##### Exercise data

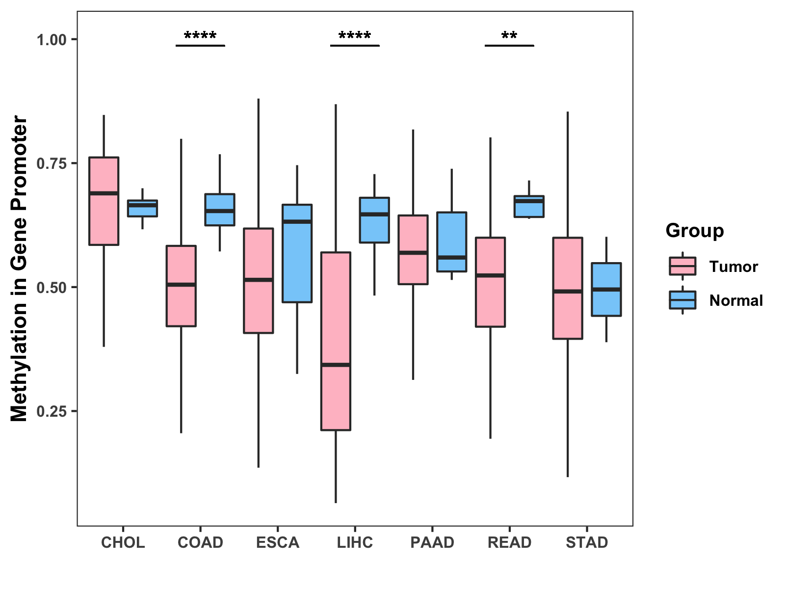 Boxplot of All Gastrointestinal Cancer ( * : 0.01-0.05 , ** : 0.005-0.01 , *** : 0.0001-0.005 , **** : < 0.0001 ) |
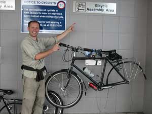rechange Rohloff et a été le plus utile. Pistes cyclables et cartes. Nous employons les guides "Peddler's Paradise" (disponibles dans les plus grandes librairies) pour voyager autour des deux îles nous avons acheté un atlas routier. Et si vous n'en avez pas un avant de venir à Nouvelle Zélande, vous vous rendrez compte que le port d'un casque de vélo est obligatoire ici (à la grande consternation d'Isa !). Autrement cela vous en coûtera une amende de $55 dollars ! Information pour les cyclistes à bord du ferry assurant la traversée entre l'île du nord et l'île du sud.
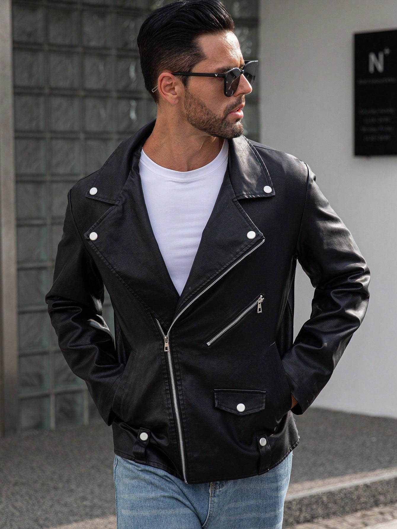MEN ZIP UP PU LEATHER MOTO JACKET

##########
##### Exercise data

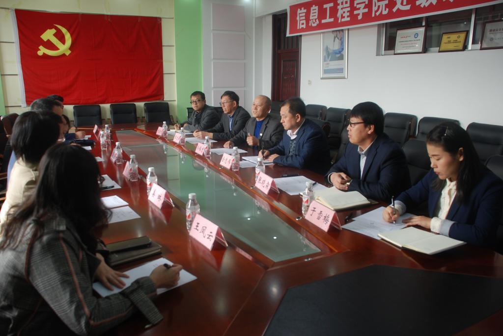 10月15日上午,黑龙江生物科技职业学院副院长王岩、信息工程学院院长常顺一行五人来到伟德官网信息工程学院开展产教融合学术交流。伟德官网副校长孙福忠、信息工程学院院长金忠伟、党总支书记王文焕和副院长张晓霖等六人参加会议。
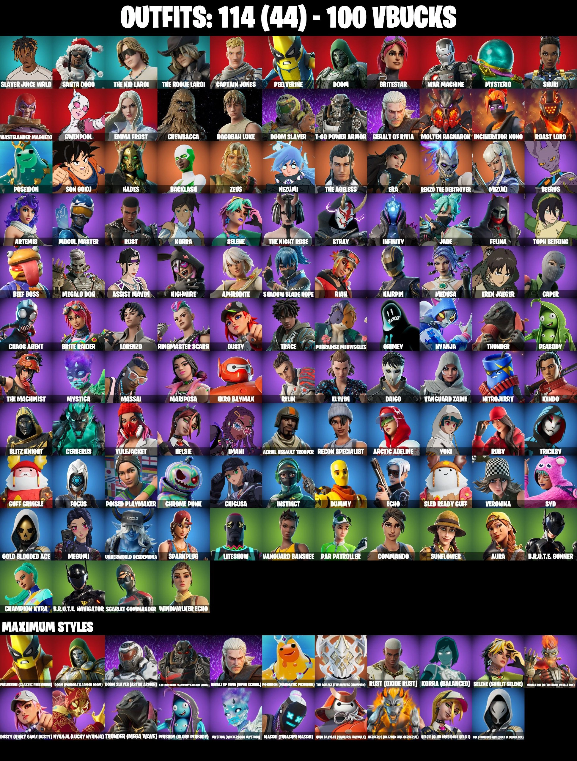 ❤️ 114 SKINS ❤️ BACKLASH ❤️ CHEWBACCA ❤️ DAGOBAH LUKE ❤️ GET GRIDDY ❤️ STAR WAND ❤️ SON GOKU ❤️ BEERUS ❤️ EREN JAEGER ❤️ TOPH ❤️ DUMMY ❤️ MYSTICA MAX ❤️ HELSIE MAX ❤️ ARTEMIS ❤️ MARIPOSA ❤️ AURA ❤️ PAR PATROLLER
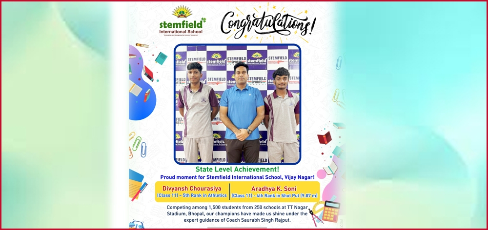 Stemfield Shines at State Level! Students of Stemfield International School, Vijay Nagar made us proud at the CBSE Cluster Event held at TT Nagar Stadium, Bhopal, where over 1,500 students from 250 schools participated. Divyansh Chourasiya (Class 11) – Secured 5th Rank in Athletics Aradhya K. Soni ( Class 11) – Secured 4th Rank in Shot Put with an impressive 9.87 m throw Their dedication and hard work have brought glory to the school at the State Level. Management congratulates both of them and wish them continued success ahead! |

##########

[What you need to do] In the entries above, find the line containing "Boxplot of All" and the line containing "MEN ZIP UP PU LEATHER MOTO JACKET", then copy both and every line between them exactly, without any picture.

[Exercise result]
 Boxplot of All Gastrointestinal Cancer ( * : 0.01-0.05 , ** : 0.005-0.01 , *** : 0.0001-0.005 , **** : < 0.0001 ) |
rechange Rohloff et a été le plus utile. Pistes cyclables et cartes. Nous employons les guides "Peddler's Paradise" (disponibles dans les plus grandes librairies) pour voyager autour des deux îles nous avons acheté un atlas routier. Et si vous n'en avez pas un avant de venir à Nouvelle Zélande, vous vous rendrez compte que le port d'un casque de vélo est obligatoire ici (à la grande consternation d'Isa !). Autrement cela vous en coûtera une amende de $55 dollars ! Information pour les cyclistes à bord du ferry assurant la traversée entre l'île du nord et l'île du sud.
MEN ZIP UP PU LEATHER MOTO JACKET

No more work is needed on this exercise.